I just watched a report on CNN where the expert being interviewed said that the radiaiton levels in milk are so low that there isn't any danger. This is what we were told during the 50s and 60s when they were doing the atmospheric a-bomb testing in the Nevada desert. We were told that the radiation we would receive was not more than we get from the sun. Then the children died of leukemia, the women got breast cancer. Sheep lost their wool and bore deformed lambs. There was a huge government cover up. If you protested you were called unAmerican - it was the McCarthy era. We are downwind of Japan. Utah was downwind of the Nevada testing site. I suggest you believe nothing you hear when reassured that the readings are safe. Don't let your children drink the milk.
Ryan in Texas: A great analogy, and it's a fact. As far as the fish over there go, probably not any worse now than before the quake..
Sorry but I trust a government agency - with all its limitations - more than a private one, as the tobacco story should have taugh us. I do not expect Monsanto to tell me that their genetically modified crops could damage my health or the environment, I do not expect a company with ties to the energy industry to bring bad news about dangers inherent in nuclear plants, incluyding radiation levels in the food that I have no choice but eat
right on.....any lie is far better then the TRUTH....who said that? Hess, Gorbbles or was it Hitler himself?
Well what the hell....we elect idiots to represent us...(well most of them are)...and they do what they want, both parties......
You got a Senator who can't live on a 174K salary, plus his travel, health, postage, meals and pension for free.....not to mention all the time off with pay... and he's still paying off his student loans??????....gradulated in 1990, tv actor, lawyer, wife who is on tv and an author...God if that was you or me we'ed be in the work house as Scrouge said.....banks won't refinance your mortage because your old (64) and work part time.....but they'll take OUR LOANS so they can get bigger.... then they cry when people want to know the truth about what's going on......their attitude is "You can't take the truth, according to GS, JPMCase, Wells Fargo....etc."
Remember what Jefferson said "There comes a time when the Tree of Liberty must be replenished with the Blood of Patriots and TRYANTS" may not be an exact quote....but you got the Idea!
Radiation has a half life, the body has an elimination half life. Cumulative is not cumulative. The radioactivity gets halved over time and the amount of the material in the body gets halved over time. I used to know an equation for this, but it's been 17 years since I've been in that field and took the annual radiological control training that was required.
(from Lynda)"It(1 bequerel) is one atom of a radioactive isotope decaying and emitting radioactive decay.

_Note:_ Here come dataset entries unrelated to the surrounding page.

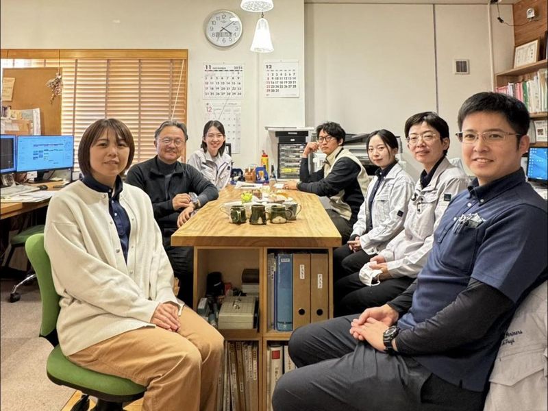職場環境 事務員1名、設計施工管理5名の 計6名体制。平均年齢36歳。 年齢問わず経験を重ねた技術者が在籍。 個々の裁量を尊重しつつ、 相談やフォローもしやすい距離感です。
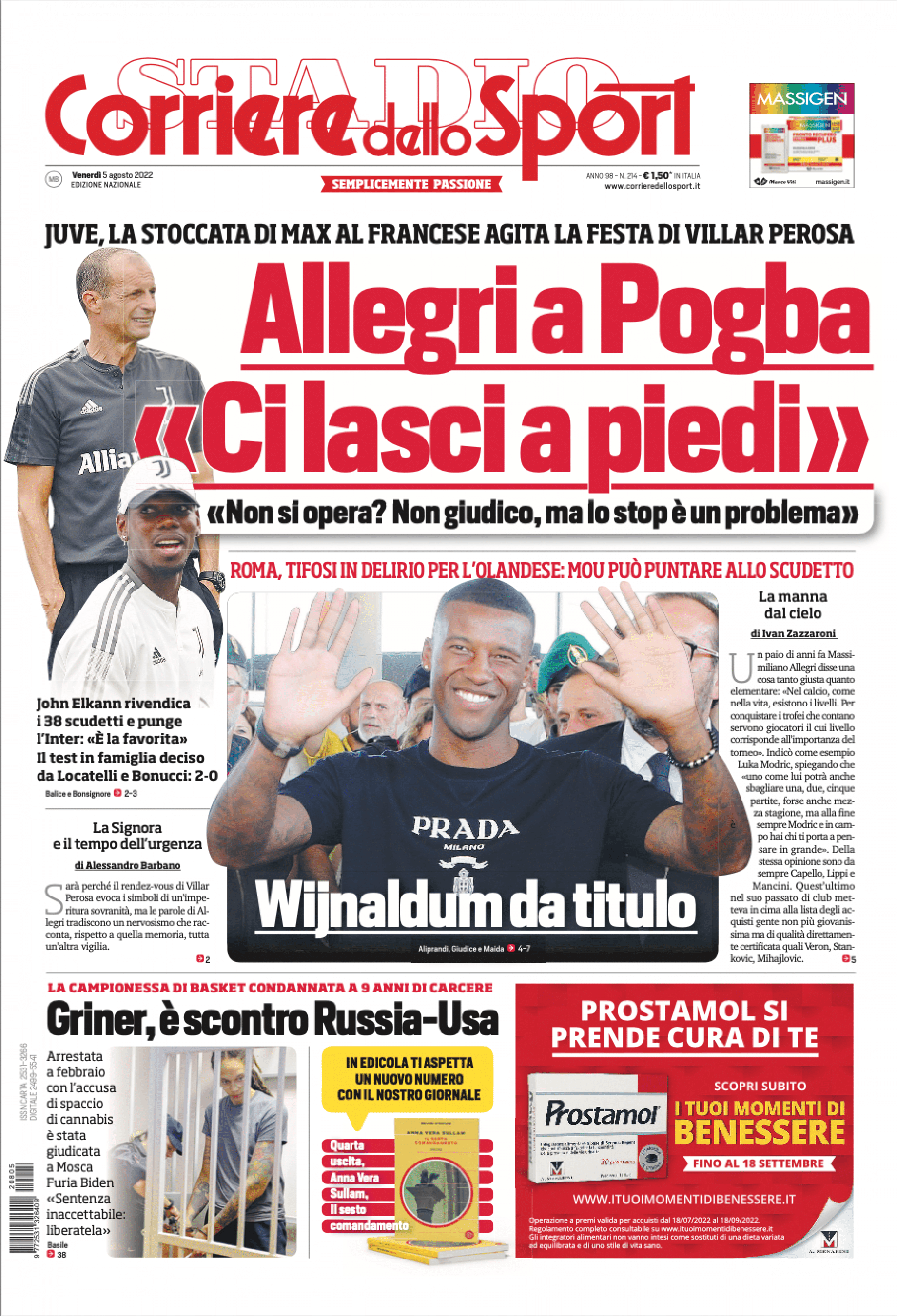 Prima pagina Corriere dello Sport 5 agosto 2022
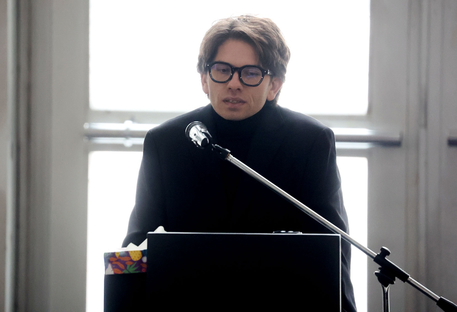 Максим Олейников на церемонии прощания с продюсером и телеведущим Александром Олейниковым в прощальном зале Троекуровского кладбища

So 5,000 Bq/kg means that 10,000 atoms are decaying per second and shooting off a particle per second in one kilogram."
I believe that should read: "It is one atom of a radioactive isotope decaying and emitting radioactive decay. So 5,000 Bq/kg means that 5,000 atoms are decaying per second and shooting off a particle per second in one kilogram."
Lynda appears to arrive at the correct final fgure of 500,000 particles per second in a pig of 100 kg.
Interesting article. Keep up the good work.
Well I was hungry a few minutes ago, think I'm gonna pass on a late night snack though. I feel really bad for the japanese nation. We should get ready, they are going to need a lot more help very soon than anyone wants to admit and they are a very proud people, not likely to ask for it. One thing that would help right now is a quick way to visualize the radiation present....some sort of flourescent screen that you could hold over an object and see flashes from the beta alpha or gamma particles...probably easier than it would appear if we could just focus on the concept...I can't right now but if some one is looking for an invention from neccesity, get on it now.
The BP oil spill and the Japanese reactor both show that the so-called professionals and experts are, in reality, ill-equipped and totally un-prepared to handle any kind of disaster - be it man-made or natural.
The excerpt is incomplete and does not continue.